Task item: Skip the pictures. Set down, word for word, the lines from the start of the material up to and including the line with "(서울=연합뉴스) 윤동진 기자".

Data section:
------------------------------------------------------------
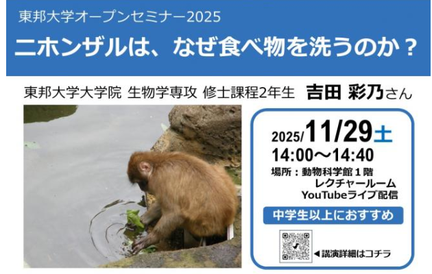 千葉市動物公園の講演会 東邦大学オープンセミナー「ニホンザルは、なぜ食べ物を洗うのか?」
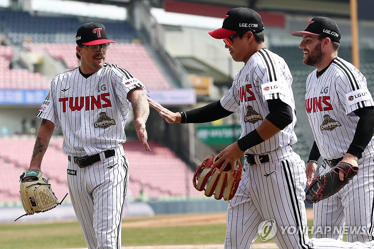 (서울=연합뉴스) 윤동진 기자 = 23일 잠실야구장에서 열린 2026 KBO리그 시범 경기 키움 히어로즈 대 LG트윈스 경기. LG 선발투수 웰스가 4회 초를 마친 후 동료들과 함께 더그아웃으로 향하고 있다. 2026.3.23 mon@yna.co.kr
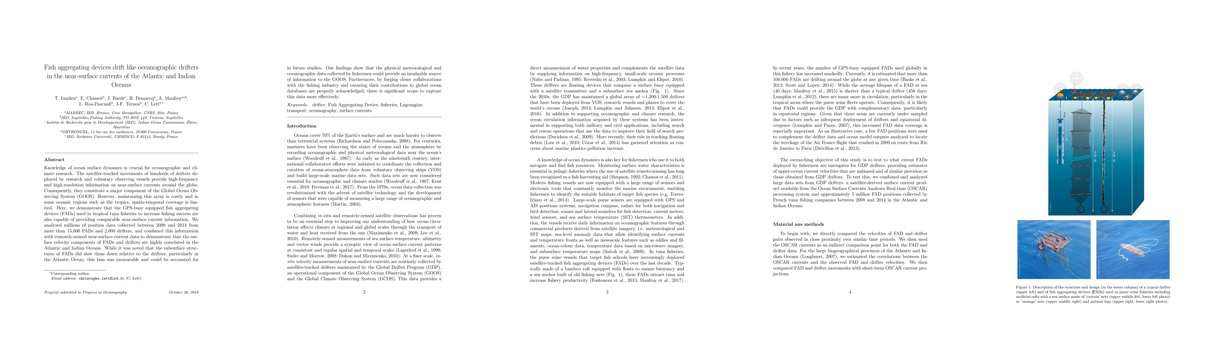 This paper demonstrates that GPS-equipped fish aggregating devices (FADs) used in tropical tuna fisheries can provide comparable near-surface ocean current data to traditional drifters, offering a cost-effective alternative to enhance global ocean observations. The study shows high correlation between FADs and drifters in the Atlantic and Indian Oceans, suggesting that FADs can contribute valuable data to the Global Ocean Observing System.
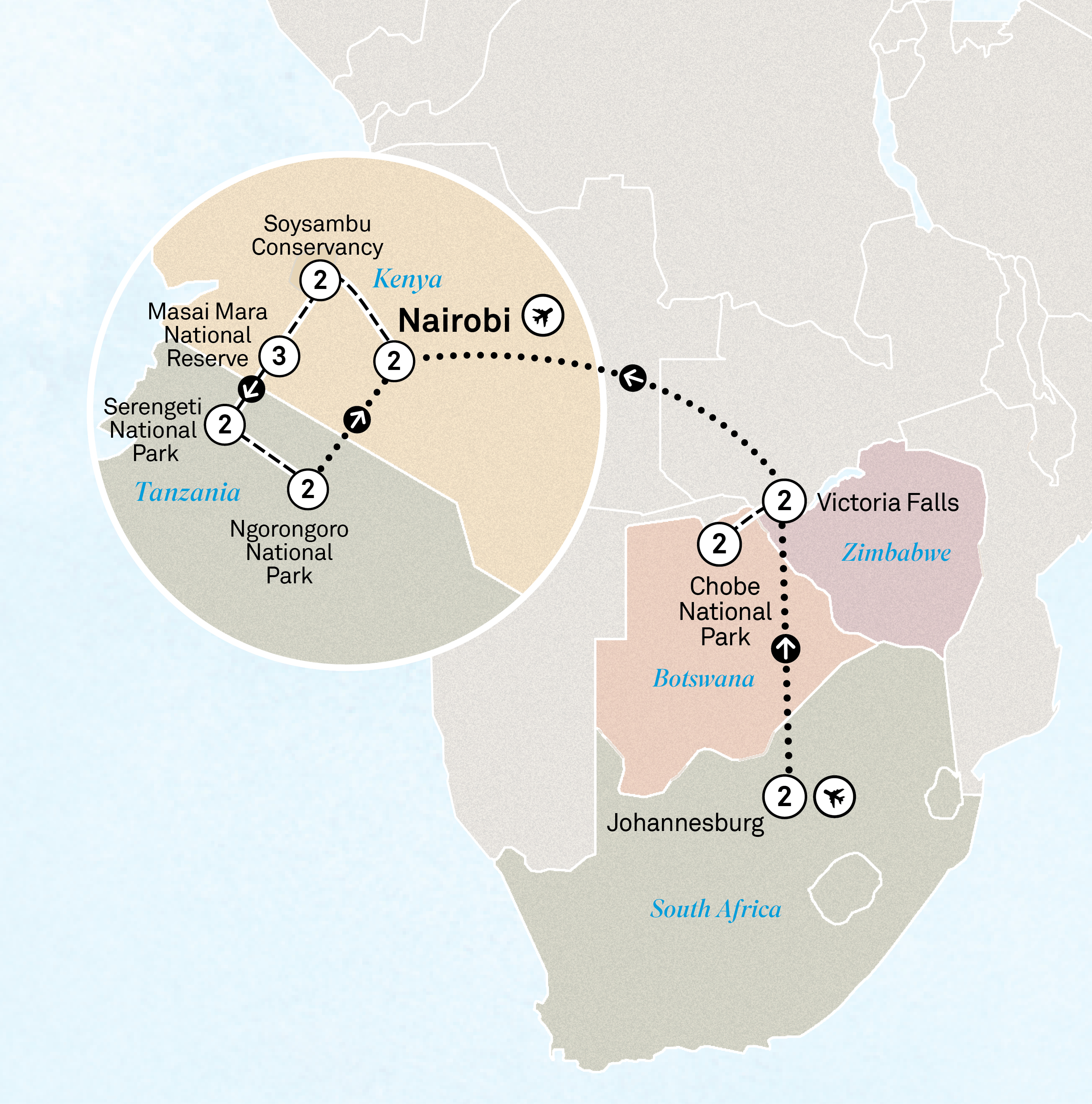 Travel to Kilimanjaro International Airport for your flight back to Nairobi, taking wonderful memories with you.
------------------------------------------------------------
Your response:
 千葉市動物公園の講演会 東邦大学オープンセミナー「ニホンザルは、なぜ食べ物を洗うのか?」
 (서울=연합뉴스) 윤동진 기자 = 23일 잠실야구장에서 열린 2026 KBO리그 시범 경기 키움 히어로즈 대 LG트윈스 경기. LG 선발투수 웰스가 4회 초를 마친 후 동료들과 함께 더그아웃으로 향하고 있다. 2026.3.23 mon@yna.co.kr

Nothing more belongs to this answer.